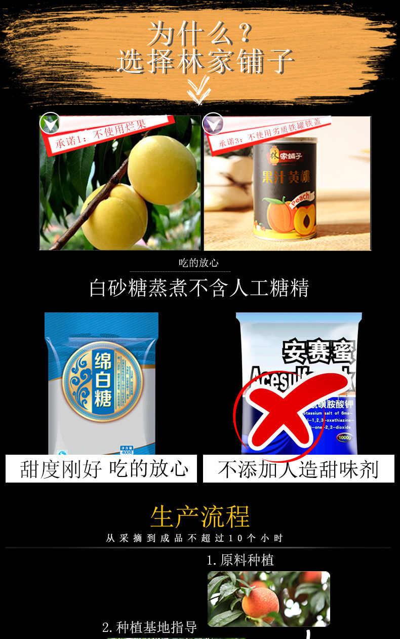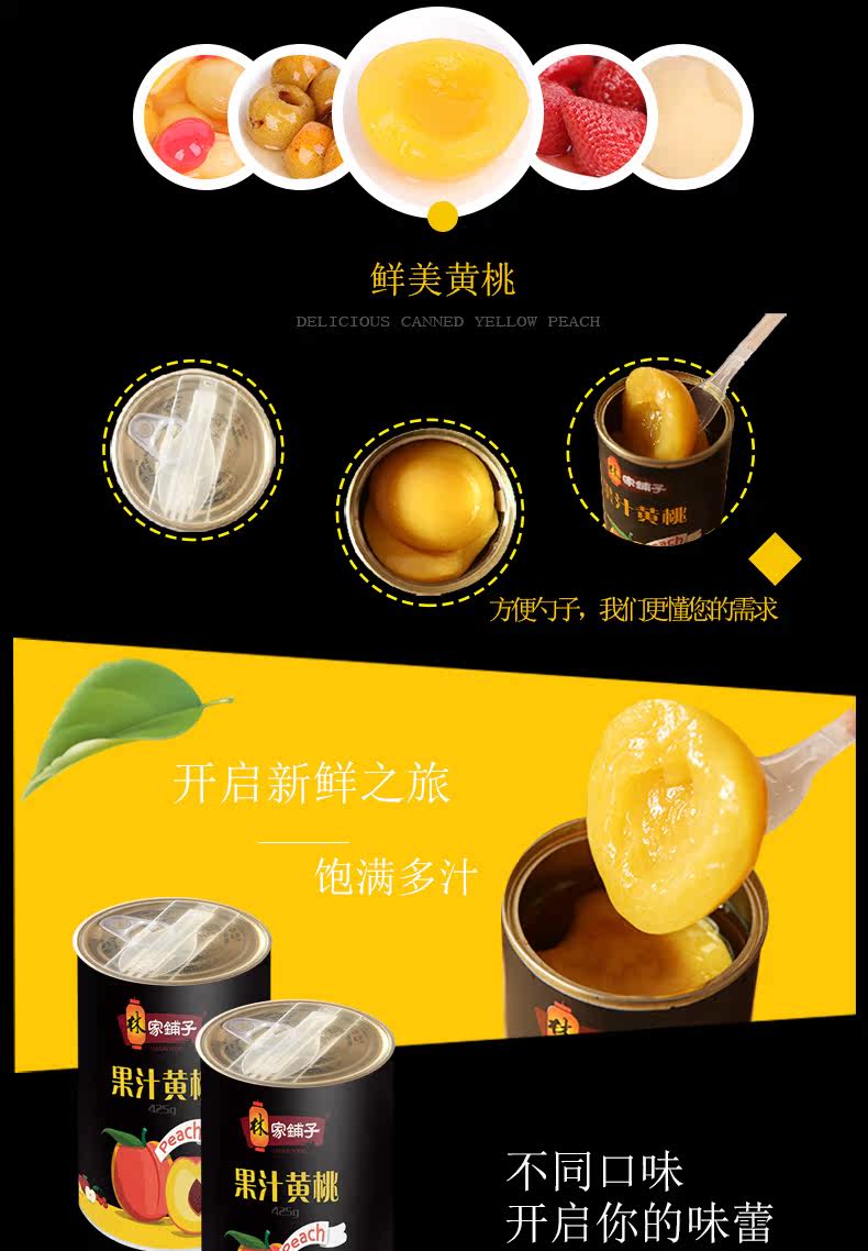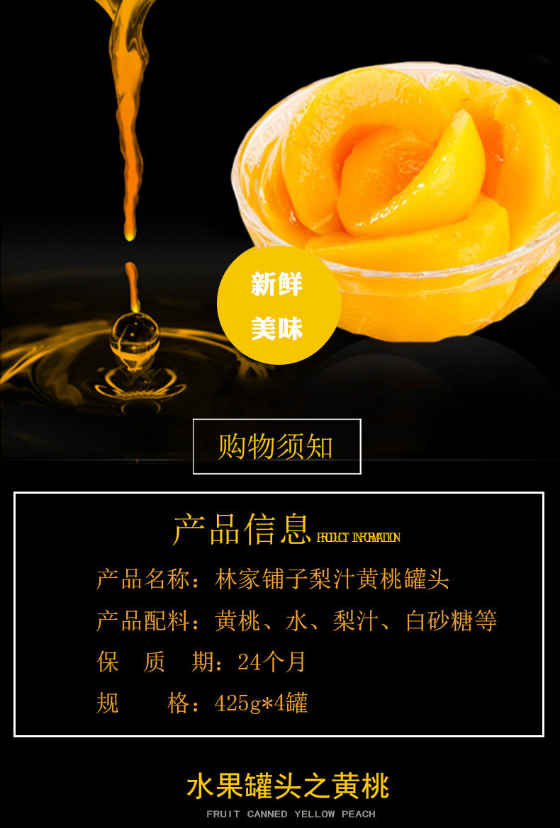 林家鋪子 新鮮優(yōu)質糖水黃桃對開罐頭425g6罐整箱包郵水果罐頭新品.推廣熱賣行情
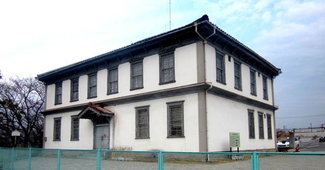 この建物は、1903年に竣工した旧芦品郡役所庁舎です。旧芦品郡役所庁舎 この建物は、均整のとれた全体のプローポーシヨン、しっくい壁に隅石風の飾り、胴蛇腹・窓枠・ひさし・玄関(車寄せ)軒等の飾り、内部 ではド ア、手すりのデザイン等、明治前期に建てられた洋風建物をよく観察し勉強して作られた擬洋風建物です。
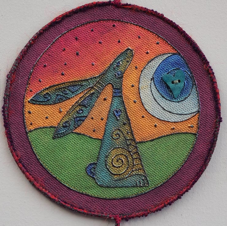 Original Hare lino cut,printed then painted and outlined on a hand painted fabric background.15cm (6 inch) diameter plus yarn loop and danglers with hand rolled, painted paper beads. Edged with yarn and plum coloured rayon thread machine stitching (Overall length 50cm) Please see the 2nd pic for full length.
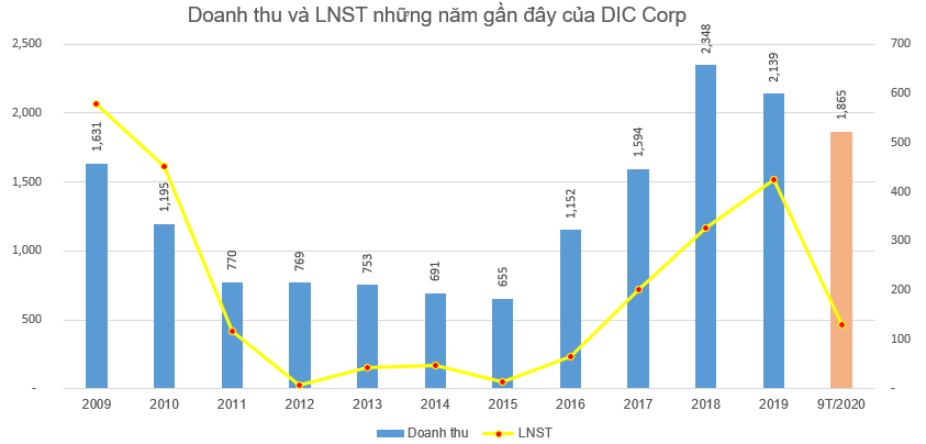 Năm 2020 DIC Corp đặt mục tiêu đạt 2.500 tỷ đồng doanh thu và 650 tỷ đồng lợi nhuận trước thuế. Như vậy kết thúc 9 tháng đầu năm công ty đã thực hiện được gần 75% kế hoạch doanh thu nhưng còn cách rất xa chỉ tiêu lợi nhuận được giao.
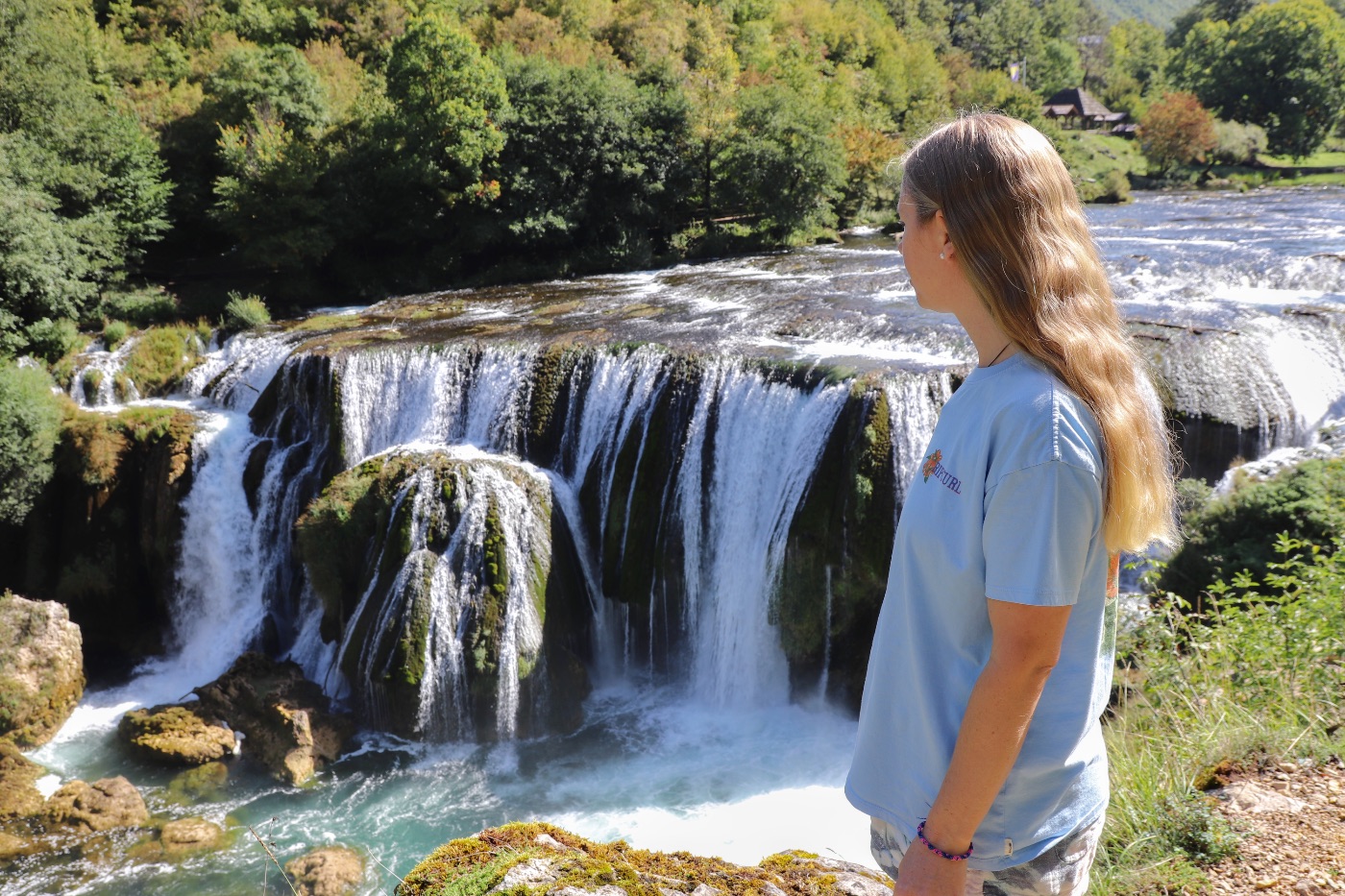 Von dem Nationalpark Plitvicer Seen beschließen wir weiter durch das kroatische Inland zu fahren, Richtung der Grenze zu Bosnien. Unser nächster Stopp auf unserem Kroatien Roadtrip mit dem Camper ist der Una Nationalpark. Dieser befindet sich in Bosnien und Herzegowina und liegt zur anderen Hälfte in Kroatien und ist noch ein richtiger Geheimtipp. Unser Hauptziel ist der Štrbački Buk Wasserfall, welcher sich halb in Kroatien und halb in Bosnien und Herzegowina befindet. Die Ladesgrenze verläuft direkt durch den Fluss und auf beiden Seiten gibt es einen View Point mit toller Aussicht auf den Wasserfall. Wir entscheiden uns auf der kroatischen Seite zu bleiben. So sparen wir uns den Grenzübergang und dazu ist die kroatische Seite bis jetzt auch nur wenig ausgebaut. Wir sind komplett alleine un außer uns ist niemand hier. Auf der bosnischen Seite sind auch nur wenige Leute da. Eintritt kostet der Wasserfall auf der kroatischen Seite übrigens nicht.
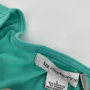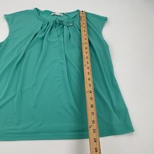 Liz Claiborne Sleeveless Tie Neck Draped Blouse Top Size Large Womens Teal Green
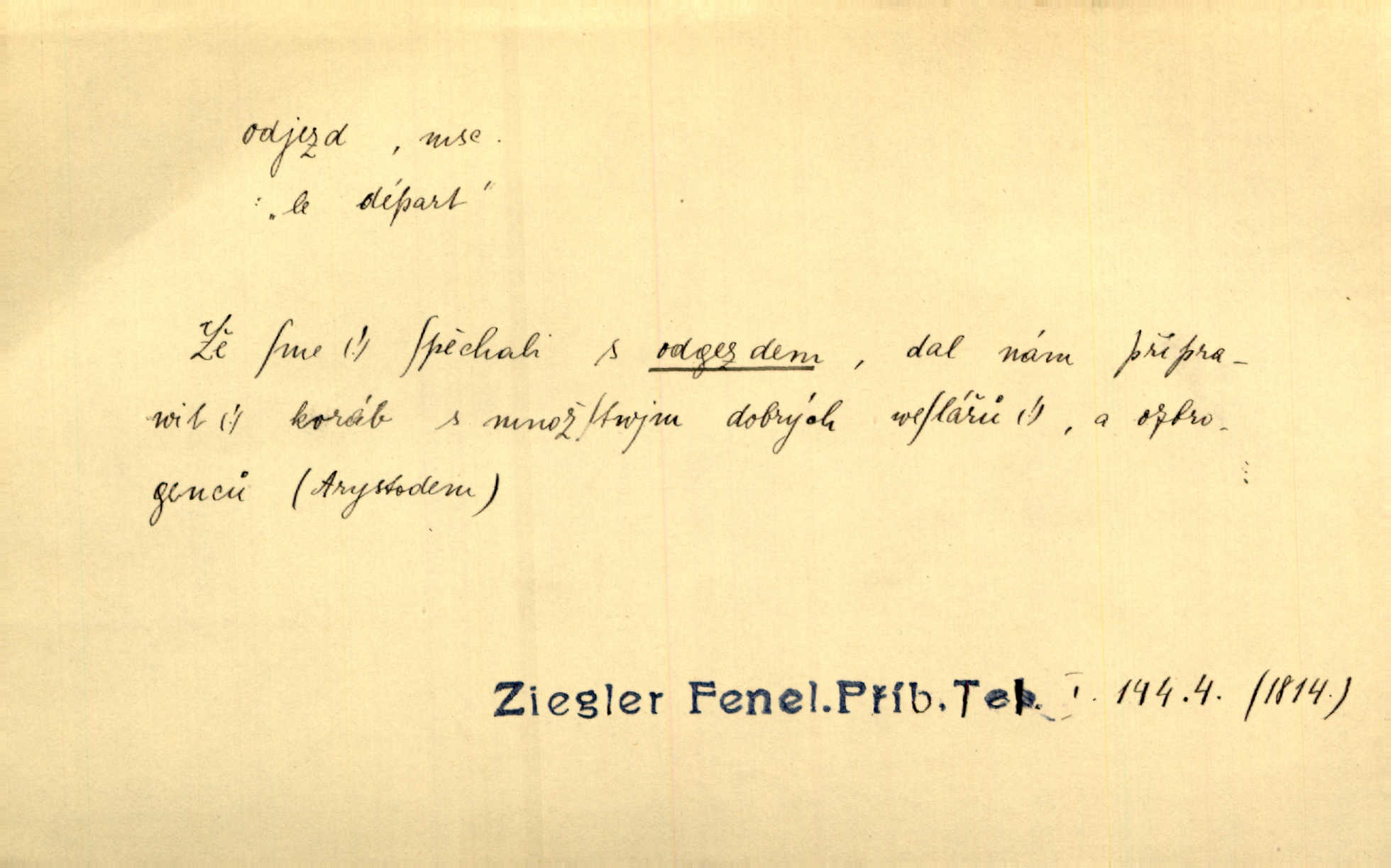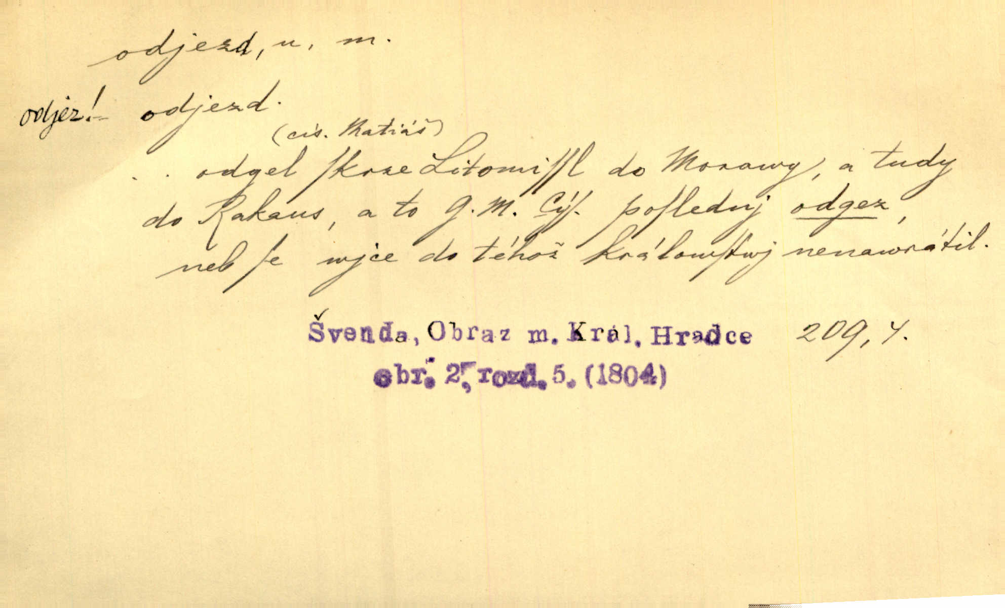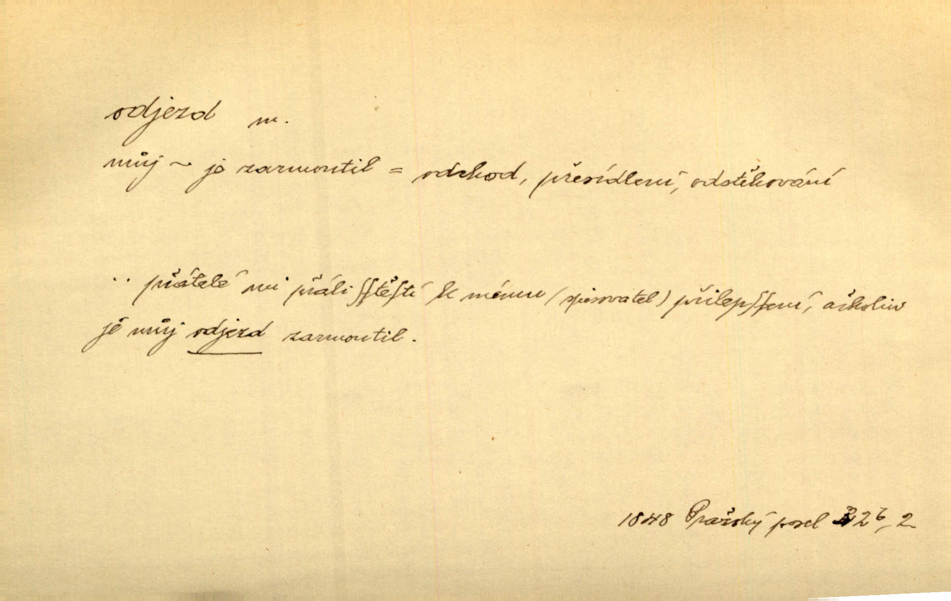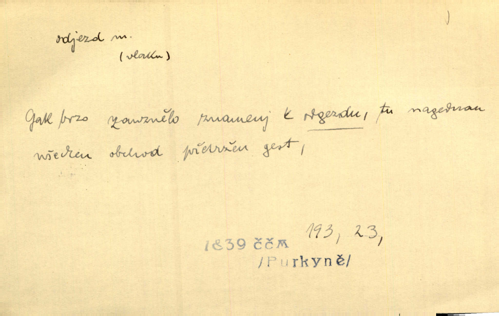 - odjezd, -u m. opuštění místa vozmo, jízdmo n. plavidlem, odjetí. Na vozech seděli již vozkové k odjezdu připravení. Rais. Po odjezdu kočáru hovořilo se hlučně u Taliána. Maj. Loď, která je měla převézti, byla pohotově a čekala na znamení k odjezdu. Pfleg. Odjezd vlaku. Us. Najal jsem vraha, který milence vašeho stíhá, a doufám, že vám v brzku zprávu o jeho odjezdu do nebeského království sdělím o smrti. Zey.

============

Set down, exactly as written above, each line from the one with "Original Hare lino" through the one with "Năm 2020 DIC", and skip the pictures.

● Answer:
 Original Hare lino cut,printed then painted and outlined on a hand painted fabric background.15cm (6 inch) diameter plus yarn loop and danglers with hand rolled, painted paper beads. Edged with yarn and plum coloured rayon thread machine stitching (Overall length 50cm) Please see the 2nd pic for full length.
 Năm 2020 DIC Corp đặt mục tiêu đạt 2.500 tỷ đồng doanh thu và 650 tỷ đồng lợi nhuận trước thuế. Như vậy kết thúc 9 tháng đầu năm công ty đã thực hiện được gần 75% kế hoạch doanh thu nhưng còn cách rất xa chỉ tiêu lợi nhuận được giao.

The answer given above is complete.